Summary: [hsw] GPU HANG: ecode 7:1:0xfffffffe in chromium
Product: DRI Reporter: Bernhard Rosenkraenzer <bero>
Component: DRM/IntelAssignee: Intel GFX Bugs mailing list <intel-gfx-bugs>
Status: RESOLVED DUPLICATE QA Contact: Intel GFX Bugs mailing list <intel-gfx-bugs>
Severity: minor    
Priority: medium CC: intel-gfx-bugs
Version: unspecified   
Hardware: x86-64 (AMD64)   
OS: Linux (All)   
Whiteboard: Triaged
i915 platform: HSW i915 features: GPU hang

Description Bernhard Rosenkraenzer 2019-06-24 21:27:25 UTC
I haven't seen any bad effects from this, but dmesg says my GPU froze and was reset.
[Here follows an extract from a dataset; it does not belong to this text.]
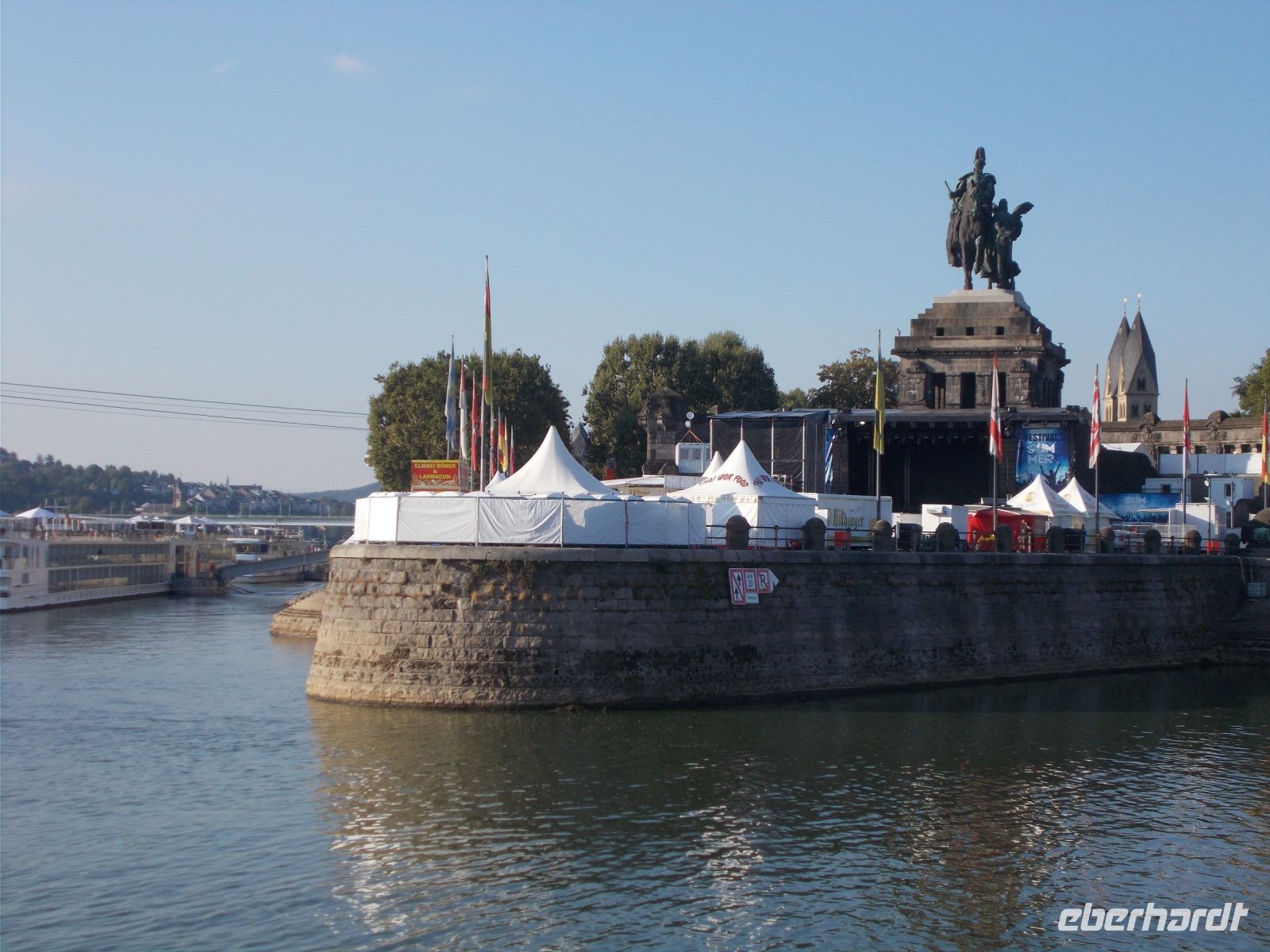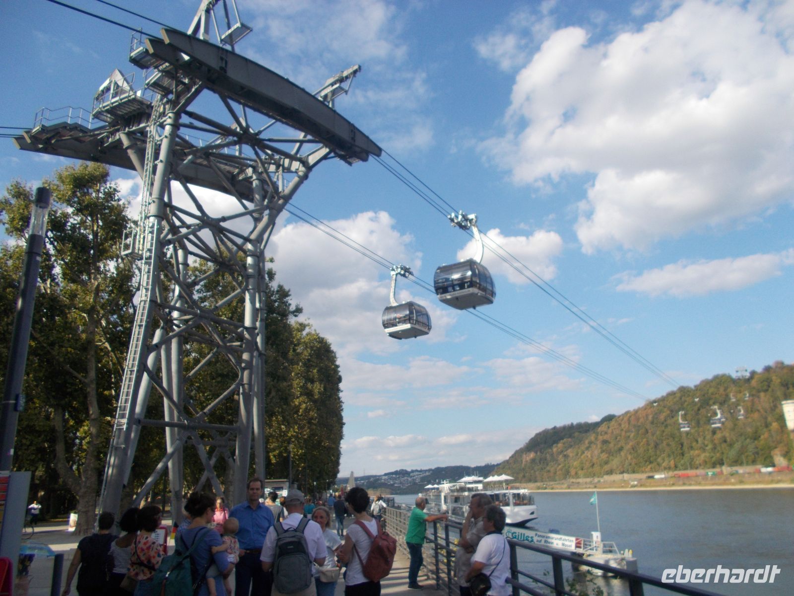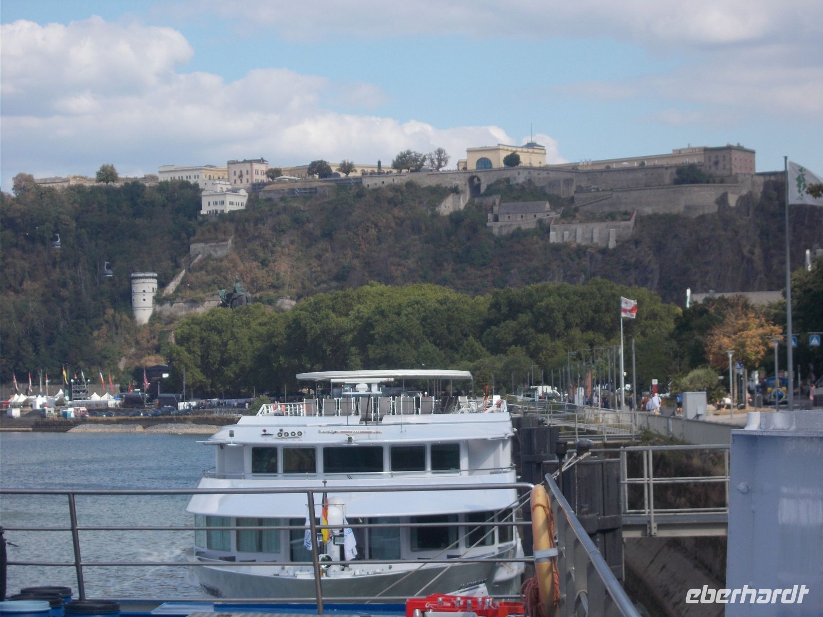 Während des Frühstücks fuhren wir, am Deutschen Eck, vom Rhein in die Mosel. Über uns thronte die Festung Ehrenbreitstein. ( die zweit größte Festung nach Gibraltar ) Sie ist mit einer Seilbahn über den Rhein hinweg zu erreichen, vielleicht ein Ausflug für den Nachmittag. Unsere Gäste wurden in verschiedene Gruppen eingeteilt und so erkundeten wir, unter fachmännischer Anleitung, eine der ältesten Städte Deutschlands. So viele Stationen und immer verbunden mit kleinen Geschichten die zum Schmunzeln verführten.Der Nachmittag war zu freien Verfügung. Es gab noch so viel zu entdecken. Ein Bummel entlang der Mosel oder Rheinpromenade, gekrönt in einem schönen Freiluftrestaurant. Ein ganz entspannter Spaziergang, noch einmal, durch die sehenswerte Altstadt. Die Parkanlagen oder eine Rundfahrt mit dem Bähnle, bis zum Schloss standen auch auf manchem Plan. Wer ganz nach oben wollte, benutzte die Seilbahn und erkundete die große Festungsanlage, mit Blick auf Koblenz. Ein toller Tag – mal ganz individuell zu nutzen. Eigentlich ist der 1.September, aus meteorologischer Sicht, der Herbstanfang auf der nördlichen Halbkugel. Wir hatten den schönsten Sonnenschein, obwohl die ersten bunten Blätter schon fielen. Am Abend gab es ein großes Spektakel. Die Piraten hatten den Speisesaal gekapert und trieben ihr „Unwesen „- zur Freude der Gäste .

[Mon Jun 24 02:01:15 2019] i915 0000:00:02.0: GPU HANG: ecode 7:1:0xfffffffe, in Chrome_InProcGp [2585], hang on rcs0
[Mon Jun 24 02:01:15 2019] [drm] GPU hangs can indicate a bug anywhere in the entire gfx stack, including userspace.
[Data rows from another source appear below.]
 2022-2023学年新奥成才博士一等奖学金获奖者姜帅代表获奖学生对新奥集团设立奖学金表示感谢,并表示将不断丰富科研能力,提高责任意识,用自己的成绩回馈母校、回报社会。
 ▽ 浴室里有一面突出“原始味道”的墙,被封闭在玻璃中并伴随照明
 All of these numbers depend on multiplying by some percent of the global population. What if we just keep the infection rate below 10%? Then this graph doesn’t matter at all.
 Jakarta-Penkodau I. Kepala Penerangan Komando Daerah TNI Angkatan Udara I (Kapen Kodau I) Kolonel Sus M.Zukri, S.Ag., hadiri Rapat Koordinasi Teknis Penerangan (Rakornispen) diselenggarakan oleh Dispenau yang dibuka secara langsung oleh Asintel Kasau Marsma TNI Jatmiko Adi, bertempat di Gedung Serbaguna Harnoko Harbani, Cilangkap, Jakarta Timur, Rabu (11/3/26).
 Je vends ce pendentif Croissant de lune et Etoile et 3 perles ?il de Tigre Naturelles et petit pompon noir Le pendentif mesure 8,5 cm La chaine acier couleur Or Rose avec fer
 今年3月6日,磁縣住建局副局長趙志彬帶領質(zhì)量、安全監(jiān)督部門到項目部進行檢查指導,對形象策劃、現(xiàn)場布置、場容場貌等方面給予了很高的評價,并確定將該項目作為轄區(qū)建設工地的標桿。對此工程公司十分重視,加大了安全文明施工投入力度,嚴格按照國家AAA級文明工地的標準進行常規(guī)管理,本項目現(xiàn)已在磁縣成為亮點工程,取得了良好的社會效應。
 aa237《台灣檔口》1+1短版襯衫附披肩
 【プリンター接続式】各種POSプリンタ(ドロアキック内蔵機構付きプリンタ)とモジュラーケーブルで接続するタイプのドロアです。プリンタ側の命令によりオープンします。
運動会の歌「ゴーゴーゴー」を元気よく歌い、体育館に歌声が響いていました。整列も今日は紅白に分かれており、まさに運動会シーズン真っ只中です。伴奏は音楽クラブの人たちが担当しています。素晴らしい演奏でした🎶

[Mon Jun 24 02:01:15 2019] [drm] Please file a _new_ bug report on bugs.freedesktop.org against DRI -> DRM/Intel
[Mon Jun 24 02:01:15 2019] [drm] drm/i915 developers can then reassign to the right component if it's not a kernel issue.
[Mon Jun 24 02:01:15 2019] [drm] The gpu crash dump is required to analyze gpu hangs, so please always attach it.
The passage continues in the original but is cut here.